Struggle hard and then if you do not succeed, you are not to blame. Let the world praise or blame you. Let all the wealth of the earth come to your feet, or let you be made the poorest on earth. Let death come this moment or hundreds of years hence. Swerve not from the path you have taken. All good thoughts are immortal and go to make Buddhas and Christs.
Do not say we are weak; we can do anything and everything. What can we not do? Everything can be done by us; we all have the same glorious soul, let us believe in it.
By work alone, men may get to where Buddha got largely by meditation or Christ by prayer.
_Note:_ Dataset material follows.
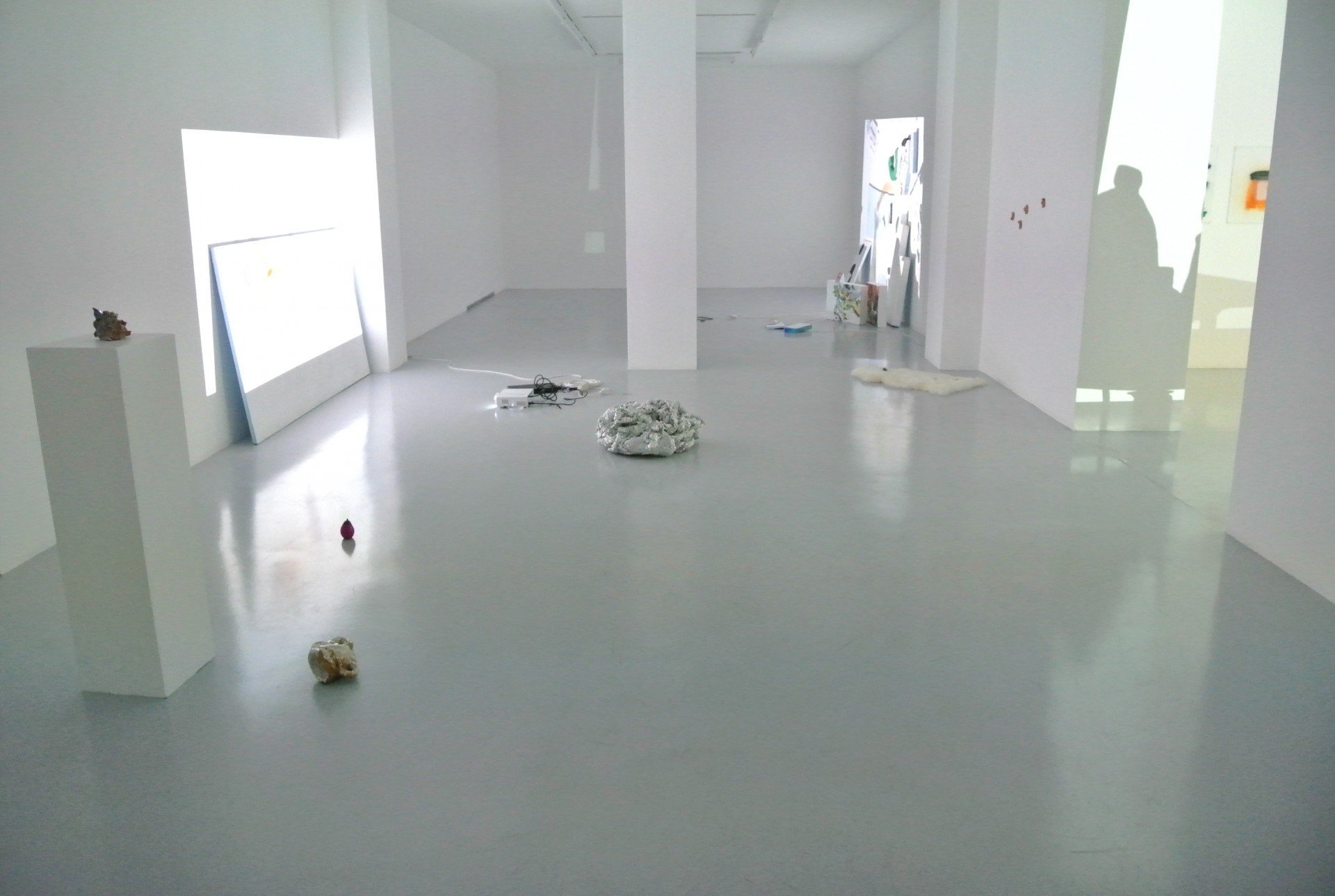 - Trisha Baga, Sand right outside my door, 2014, 3-D video projection on painted foam + installation. On floor: aluminium object, ca. 26x60x60 cm, 2 glazed ceramic objects, ca. 12x20x14 cm, and ca. 6,5x8x8 cm timer.

Buddha was a working Jnani, Christ was a Bhakta, but the same goal was reached by both of them. Good motives, sincerity, and infinite love can conquer the world. One single soul possessed of these virtues can destroy the dark designs of millions of hypocrites and brutes.
We are ever free if we would only believe it, only have faith enough. You are the soul, free and eternal, ever free, ever blessed. Have faith enough and you will be free in a minute.
In Tibet there is no marriage, and there is no jealousy, yet we know that marriage is a much higher state. The Tibetans have not known the wonderful enjoyment, the blessing of chastity, the happiness of having a chaste, virtuous wife, or a chaste, virtuous husband. These people cannot feel that. And similarly they do not feel the intense jealousy of the chaste wife or husband, or the misery caused by unfaithfulness on either side, with all the heart-burnings and sorrows which believers in chastity experience. On one side, the latter gain happiness, but on the other, they suffer misery too.
Just as the body has its progress and decadence, so also has the mind, and, therefore, the mind is not the soul, because the soul can neither decay nor degenerate.
The nearer we are to God, the less we will have occasions to cry or weep. The further we are from God, the more will long faces come. The more we know God, the more misery vanishes.
The sages are often ignorant of physical science, because they read the wrong book-the book within; and the scientists are too often ignorant of religion, because they too read the wrong book-the book outside.
According to the law of nature, wherever there is an awakening of a new and stronger life, there it tries to conquer and take the place of the old and the decaying. Nature favours the dying out of the unfit and the survival of the fittest. The final result of such conflict between the priestly and the other classes has been mentioned already.
There have been two lines of progress in this world-political and religious. In the former the Greeks are everything, the modern political institutions being only the development of the Grecian; in the latter the Hindus are everything.